* **What you need to do**
Restate word for word the lines below, from the one containing "在我公司董事長王榮柱、總經(jīng)理" through the final line, with no pictures included.

Recorded data:
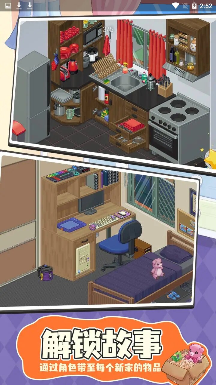 这是一款体验在日常生活情境下将物品从箱中取出,并摆放至新家的禅派益智游戏。
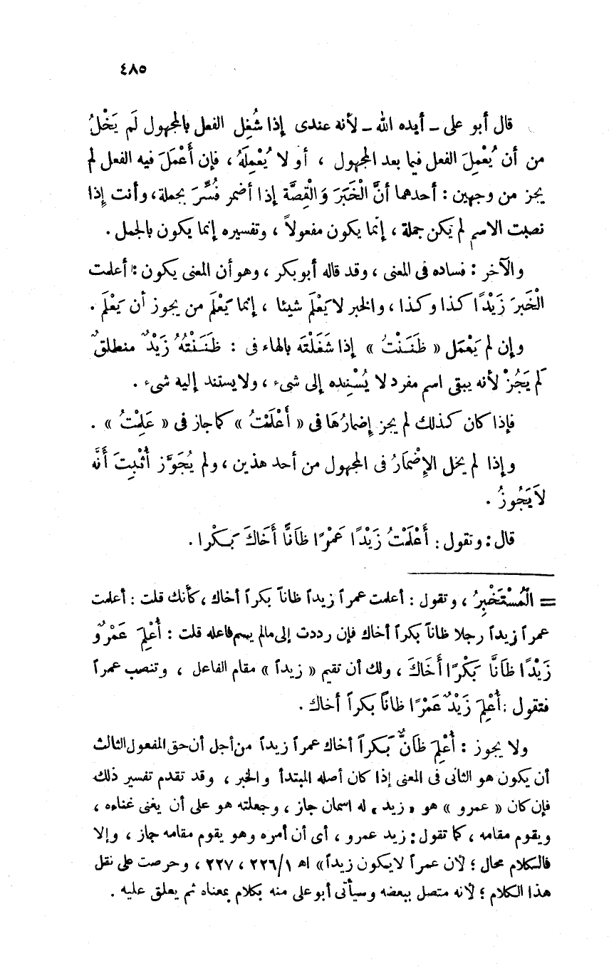 قال أبو علي - أيده الله- لأنه عندي إذا شُغل الفعل بالمجهول لم يخلُ من أن يُعمِلَ الفعل فيما بعد المجهول، أو لا يُعمِلَه، فإن أعمل فيه الفعل لم يجز من وجهين: أحدهما أن الخبر والقصة إذا أضمر فُِّر بجملة، وانت إذا نصبت الاسم لم يكن جملة، إنما يكون مفعولاً، وتفسيره إنما يكون بالجمل.
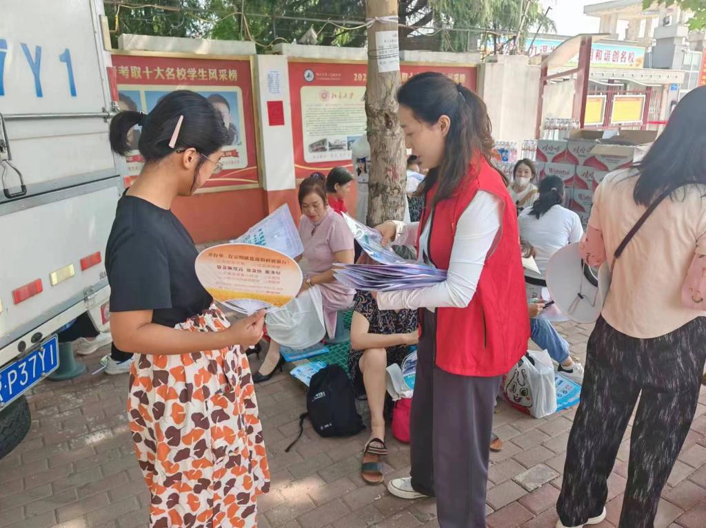 6月7日凌晨4:30,williamhill英国中文党委书记王雪芳带领学院领导班子成员和骨干教师一行10人,组成五个招生工作组,从中原校区出发,分别前往邓州市11个高考考点,开展第二阶段招生宣传活动。邓州市11个考点分别为第一高级中学、第二高级中学、花洲实验高级中学、第六高级中学、湍北高级中学、湍南高级中学、三贤高级中学、城区第一小学、城区第五初级中学、城区第十一小学和南阳科技职业学院。
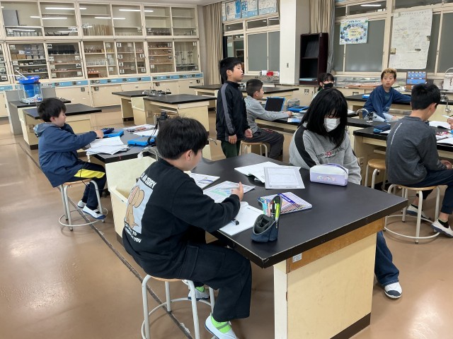 理科の時間です。天気の変化の学習です。晴れと曇りはどういう基準で判断するのかについて、空に見える雲の割合からであることをノートにまとめていました。
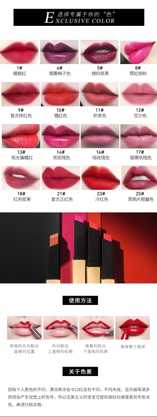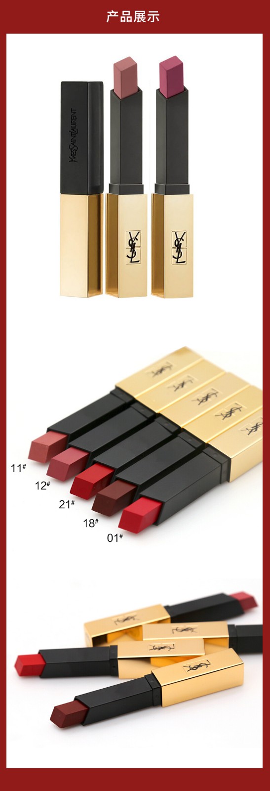 YSL/圣罗兰2018小金条哑光方管细管唇膏口红 21#亮红色 礼盒套装
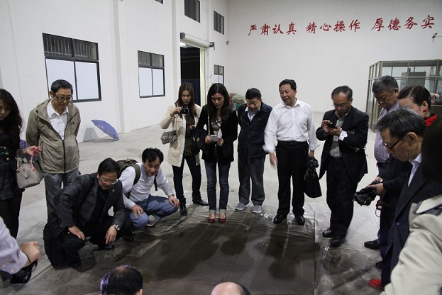 在我公司董事長王榮柱、總經(jīng)理王俊以及工程總監(jiān)等的全程陪同下,專家們參觀了我公司控股的公司宜昌市黑豹建筑防水材料有限公司、生產(chǎn)車間、實驗室等并進(jìn)行了座談,并前往宜昌工地現(xiàn)場觀摩噴涂速凝橡膠瀝青防水涂料演示過程,王榮柱董事長將控股公司宜昌市黑豹建筑防水材料有限公司情況作了具體介紹,專家們對新黑豹公司務(wù)實、追求技術(shù)進(jìn)步、創(chuàng)新等方面表示贊賞。專家團(tuán)一行還專門考察了宜昌天璽龍閣工地的地下室,采用噴涂速凝橡膠瀝青防水涂料施工。
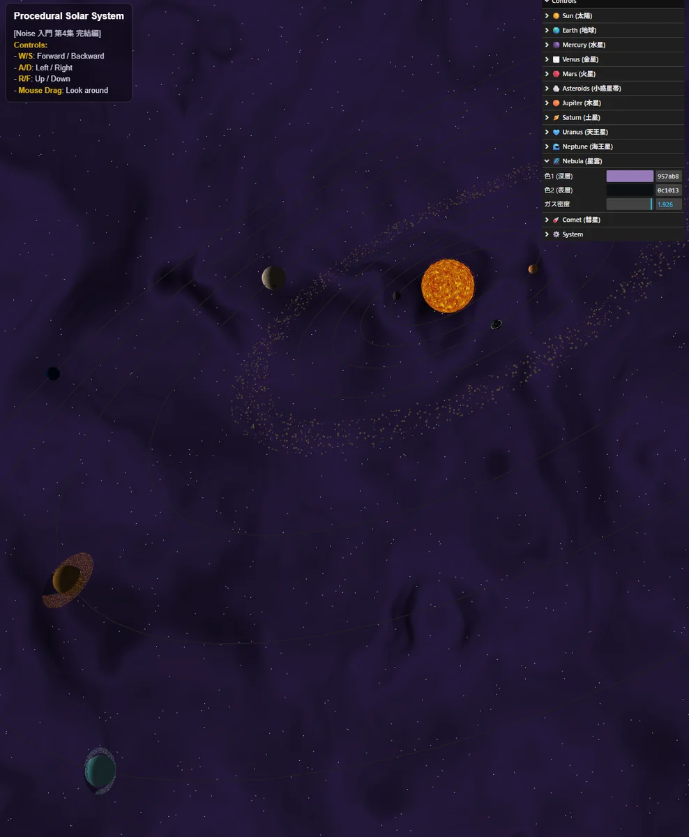 Three.js × GLSL| ノイズだけで描く、「太陽系全惑星」と「星雲」

* **Task solution**
 在我公司董事長王榮柱、總經(jīng)理王俊以及工程總監(jiān)等的全程陪同下,專家們參觀了我公司控股的公司宜昌市黑豹建筑防水材料有限公司、生產(chǎn)車間、實驗室等并進(jìn)行了座談,并前往宜昌工地現(xiàn)場觀摩噴涂速凝橡膠瀝青防水涂料演示過程,王榮柱董事長將控股公司宜昌市黑豹建筑防水材料有限公司情況作了具體介紹,專家們對新黑豹公司務(wù)實、追求技術(shù)進(jìn)步、創(chuàng)新等方面表示贊賞。專家團(tuán)一行還專門考察了宜昌天璽龍閣工地的地下室,采用噴涂速凝橡膠瀝青防水涂料施工。
 Three.js × GLSL| ノイズだけで描く、「太陽系全惑星」と「星雲」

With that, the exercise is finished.